Biden was referring to the long-closed Katie’s Italian restaurant, which is actually two blocks away from Union Street. The establishment is now a Wings to Go.
Say it ain’t so Joe?
19
The Real Puddybudspews:
HA Moonbat’s, how do you know Biden’s lying again? His lips are moving. Katie’s Restaurant has been closed for 15 years!
Probably because Biden’s mind has been in “read only” mode.
Maybe Joe should wear a bracelet with her name. Barack had to read the bracelet he wore!
20
The Real Puddybudspews:
As I look up Article I of the Constitution I don’t see the role of the vice president of the United States.
ARTICLE II defines the VP Role… HA Moonbat’s, how do you know Biden’s lying again? His lips are moving. Say it ain’t so Joe?… All that time in the Senate and he hasn’t a clue. Where is the libtard MSM on this?
21
The Real Puddybudspews:
So I wonder when Joe visited Home Depot last?
22
The Real Puddybudspews:
Why is CNN pulling for the Donkey? It’s the official Obama view zone. “Watch Barack Obama debate John McCain tonight at 9 p.m. Eastern on CNN. Please forward this message.”
Yet their “official” transcript has “go down Union Street with me in Wilmington or go to Katie’s Restaurant.”
23
The Real Puddybudspews:
I wonder if Joe knows Duct Tape?
Maybe Joe knows light bulbs?
How do we know Joe knows plumbing? Has he been laying pipe lately?
Has he taken Al Gorebasm into Home Depot to help Al with his humongous monthly power bill?
Say it ain’t so Joe.
24
The Real Puddybudspews:
Since I know Moonbat!s won’t visit John McCain.com, here are Joe Biden’s 14 Lies – Say it ain’t so Joe:
1. TAX VOTE: Biden said McCain voted “the exact same way” as Obama to increase taxes on Americans earning just $42,000, but McCain DID NOT VOTE THAT WAY.

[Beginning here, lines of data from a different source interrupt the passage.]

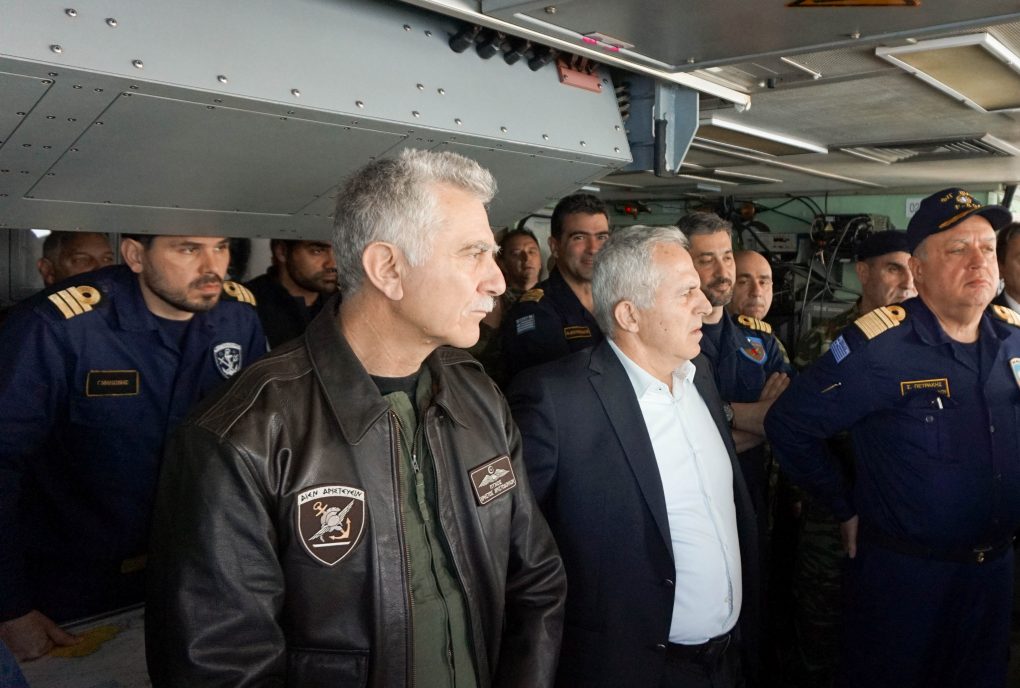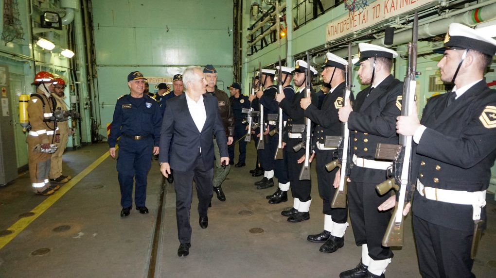 Τον Υπουργό Εθνικής Άμυνας συνόδευσαν ο Αρχηγός ΓΕΕΘΑ, Πτέραρχος Χρήστος Χριστοδούλου και ο Αρχηγός ΓΕΝ, Αντιναύαρχος Νικόλαος Τσούνης ΠΝ.
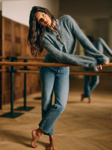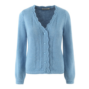 跨境亚马逊欧美 法式慵懒风复古雾霾马海毛V领钩花泡泡袖针织开衫
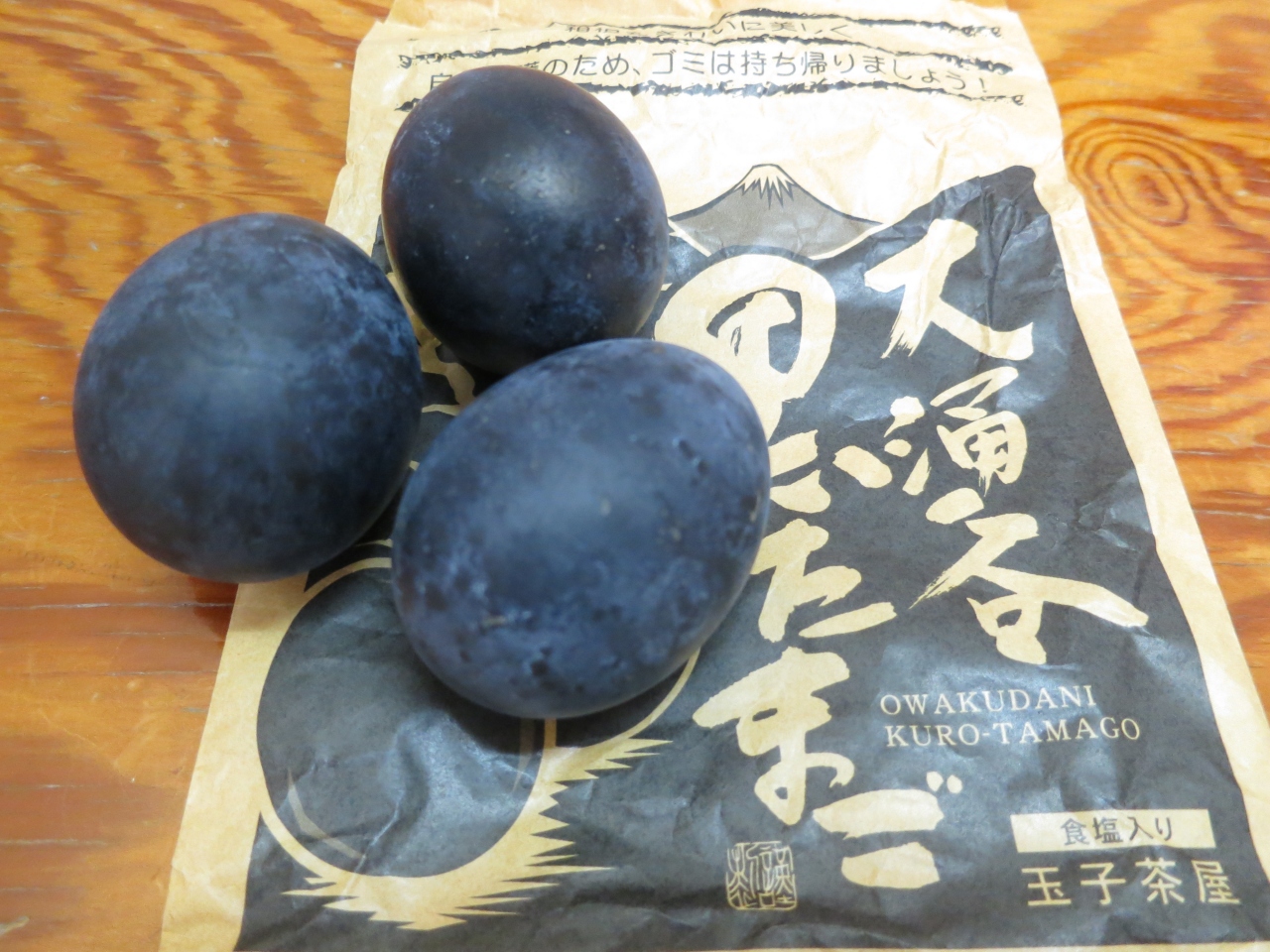 11月下旬の風が強い晴れの日に行きました。箱根ロープウェイで大涌谷駅に着き、まずは外に出てみようと駅を出ましたが、あまりの強風と寒さのため、近くにあったこちらのお店に一旦入りました。ちょうど入り口近くの店員さんが、「本日の黒たまご残り3つ~」とアナウンスしていたので、購入しました。滋養満点で、1つ食べると7年長生きできるという『大涌谷黒たまご』は5個入りで¥500でした。絵に描いたように真っ黒で、まだほかほか(熱々)でした。しばらくは、大涌谷散策中にほっかいろ代わりにしました。散策後にいただきましたが、真っ黒な殻の中は白く、黄身は真っ黄色で、ふつうのゆで卵よりも濃厚な味がし、美味しかったです。娘たちも美味しい美味しいと何個も食べていました。

2. AHMEDINIJAD MEETING: Joe Biden lied when he said that Barack Obama never said that he would sit down unconditionally with Mahmoud Ahmedinijad of Iran. Barack Obama did say specifically, and Joe Biden attacked him for it.
3. OFFSHORE OIL DRILLING: Biden said, “Drill we must.” But Biden has opposed offshore drilling and even compared offshore drilling to “raping” the Outer Continental Shelf.”
4. TROOP FUNDING: Joe Biden lied when he indicated that John McCain and Barack Obama voted the same way against funding the troops in the field. John McCain opposed a bill that included a timeline, that the President of the United States had already said he would veto regardless of it’s passage.
5. OPPOSING CLEAN COAL: Biden says he’s always been for clean coal, but he just told a voter that he is against clean coal and any new coal plants in America and has a record of voting against clean coal and coal in the U.S. Senate.
6. ALERNATIVE ENERGY VOTES: According to FactCheck.org, Biden is exaggerating and overstating John McCain’s record voting for alternative energy when he says he voted against it 23 times.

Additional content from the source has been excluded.